Allgemeines

Anbau nachwachsender Rohstoffe: Leichter Anstieg im Jahr 2014

Die Anbaufläche für Industrie- und Energiepflanzen in Deutschland stieg 2014 leicht auf 2,34 Millionen Hektar. Nachwachsende Rohstoffe sind damit ein fester Bestandteil der Landwirtschaft und belegen etwa ein Fünftel der Ackerfläche.

Entwicklung und Verteilung der Anbauflächen

Die Erhebung der Anbauzahlen erfolgt durch die Fachagentur Nachwachsende Rohstoffe e.V. (FNR) in Zusammenarbeit mit der AFC Consulting Group im Auftrag des Bundesministeriums für Ernährung und Landwirtschaft (BMEL).

Energiepflanzen für die Biogasproduktion nehmen mit 1,27 Millionen Hektar die größte Fläche innerhalb der nachwachsenden Rohstoffe ein. Hierbei dominiert Silomais mit zwei Dritteln der Fläche, gefolgt von Gras, Getreide und Zuckerrüben. Neue Energiekulturen spielen weiterhin eine marginale Rolle.

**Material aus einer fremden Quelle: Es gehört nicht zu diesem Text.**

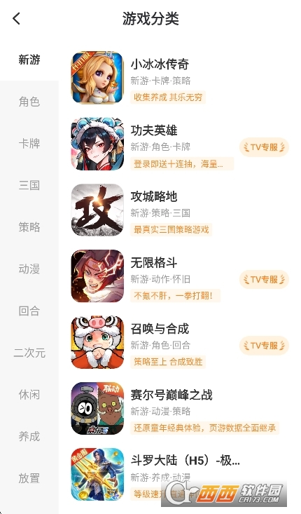 2、游戏分类展示,将所有游戏按玩法类型清晰划分,每个分类下标注游戏特点,方便玩家根据自身喜好快速定位,比如喜欢轻松玩法的玩家可直接进入挂机放置分类。

Raps für die Herstellung von Biodiesel und Pflanzenöl ist mit knapp 530.000 Hektar die zweitwichtigste Kultur. Im Biokraftstoffbereich war der Anbauumfang von Raps um etwa 70.000 Hektar leicht gestiegen. Dieser moderate Zuwachs könnte durch die seit zwei Jahren überdurchschnittlich fallenden Rapspreise beeinflusst worden sein, welche die Nachfrage stimulieren. Der Anbau für Bioethanol erreichte mit 168.000 Hektar annähernd das Vorjahresniveau.

Stoffliche Nutzung und zukünftige Entwicklungen

Im Bereich der stofflichen Nutzung gab es keine wesentlichen Veränderungen. Rapsöl für technische Zwecke bleibt hier der bedeutendste Rohstoff, gefolgt von Industriestärke. Insgesamt hat sich der Anbau nachwachsender Rohstoffe in Deutschland auf einem hohen Niveau stabilisiert.

Die aktuelle EEG-Novelle wird voraussichtlich den Neubau von Biomasseverstromungsanlagen spürbar begrenzen. Wachstum könnte zukünftig unter anderem durch Repowering-Maßnahmen generiert werden. Im Biokraftstoffsektor bleibt abzuwarten, welche Auswirkungen die ab 2015 geltende Treibhausgasvermeidungsquote, die die bisherige Mengenquote ersetzt, auf den heimischen Anbau haben wird.